Running Faster to Slow Down
This is a story about recovery. A pair of black running shoes brings together disbelief, endurance, and self-care. This journey is based on Wanyi’s personal experiences. She has no doubt there are others who have had different experiences from hers, so please keep that in mind when reading her story.
Once upon a time, there was an adventure to find the answer to a riddle: How could something make a happy person sad and a sad person happy? What could this thing be? And why would such a thing exist?
The year 2022 marked my eighth year in Canada. It was a complicated year for me. There were several things I was supposed to accomplish, including getting a master’s degree, being excited to find a job, and applying for my parents’ sponsorship. But none of these goals quite worked out. The gravity of these unachieved accomplishments was palpable.
I started doubting myself. Okay, screw it if life decides to screw me. But where was the switch to flip so I could restart? I just couldn’t escape from the ripple effects of those unrealized goals. Life seemed not to accommodate my desire. Should I just let it be? Fight back? Or let it surprise me and see what I can do? Pressure and failures insidiously clouded my mind and ate away at me.
I started seeking help. However, seeing a psychiatrist is often plagued by negative responses from others, sometimes even family members. I didn’t know how to explain my experience to others or tell people about it, and I knew that my parents would’ve preferred to see me seeking help from a psychic rather than a psychiatrist. Back home, only “abnormal” people need psychiatrists.
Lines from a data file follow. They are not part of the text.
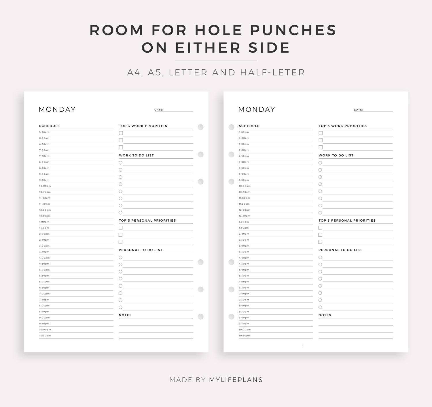 • Includes A4, Letter, and Fillable(A4) planners
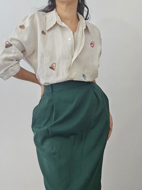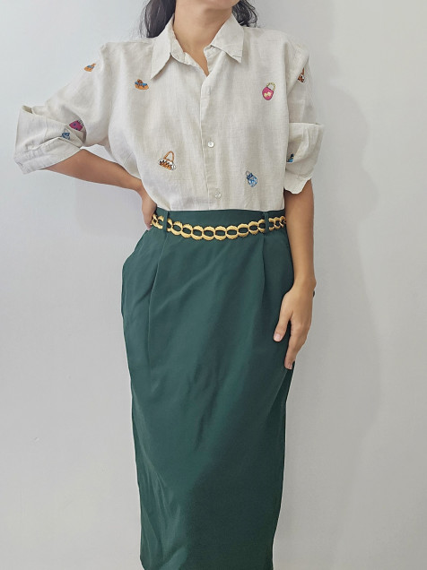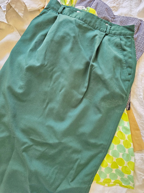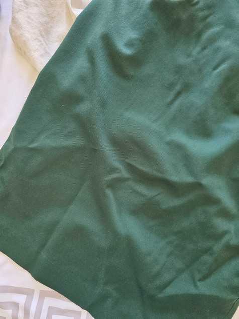 Falda midi color verde, tiene bolsillos y fondo, no transparenta nada, tiene una mancha o decoloración sutil ☆ Talla 12 ( G )
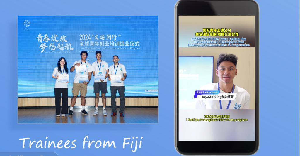 The person in charge of the School of International Education reported on the school’s history, scale of talent cultivation, and its unique educational path of “establishing the school, honoring the city-school collaboration”. Four Fijian youths were invited to participate in the 2024 “Run with Yiwu—Global Youth Entrepreneurship Training,” engaging in dual-creation practice at our school’s International Entrepreneurship Park and off-campus innovation and entrepreneurship bases. The Fijian participants shared their training experiences and gains via video.

My own anxieties about goals create an internal dialogue with the objective me. These intimate and imaginary conversations just push my mind to the edge of self-doubt and irrationality. However, in 2022, with all my plans on the horizon, the aspirational model that I had once found in my past suddenly became less desired and more daunting.
My therapist suggested that I start jogging on a trail. So, I started running. I wanted to gain some control back.
One day, I walked into a shoe outlet and noticed a “for sale” price tag right in front of a pair of shoes that caught my eye. Lack of funds limited my options. I doubted if these shoes could help me run farther and faster, but they were all I could afford, and I sort of liked their design…
Although they did not appear to be steady, they steadily supported me and relieved my anxiety. They accompany me while I run, from one kilometre to ten kilometres. They help me run fast while reducing my anxiety. They help me gain trust in the process, celebrating my failures instead of running away from them.
They remind me that life is a slow, steady climb. What’s in the past stays in the past, not now, not the future.
I had always felt the need to live with expectations. I kept trying to find out why I experienced burnout and found it difficult to pull myself together. To become resilient, I had been pushing through difficult times and trying to change my perspective. But I had forgotten to recover, until it was too late and I hit the wall.
I’m not the same protected and dependent girl that I was eight years ago. I’m in a place where I belong and try to be myself. I’d like to give myself a pat on my back and say, “Thank you for being yourself.” These eight years turned me into a different person.
My running shoes have supported me with and without my attention. The closest interaction I have with them is when I tie them on my feet and untie them after running. Indeed, I engage with them throughout the journey. They are visible to my eyes but invisible to my heart/mind.
All pressures and expectations melt away in the midst of the whispering green leaves and chirping birds.
Life can be complicated and overwhelming, and sometimes I want to flee. But I can’t. So I run. Running has taken me through many rounds of honest investigation.
And although I cannot run away, I can run for myself.
Wanyi Liang is an immigrant from South China and a graduate student in sociology at York University. Over the past two years, she has worked as a volunteer at The People’s Pantry and has become interested in community services for studies and career planning. Reading and writing are Wanyi’s favourite activities. The Shoe Project has helped her regain her writing power.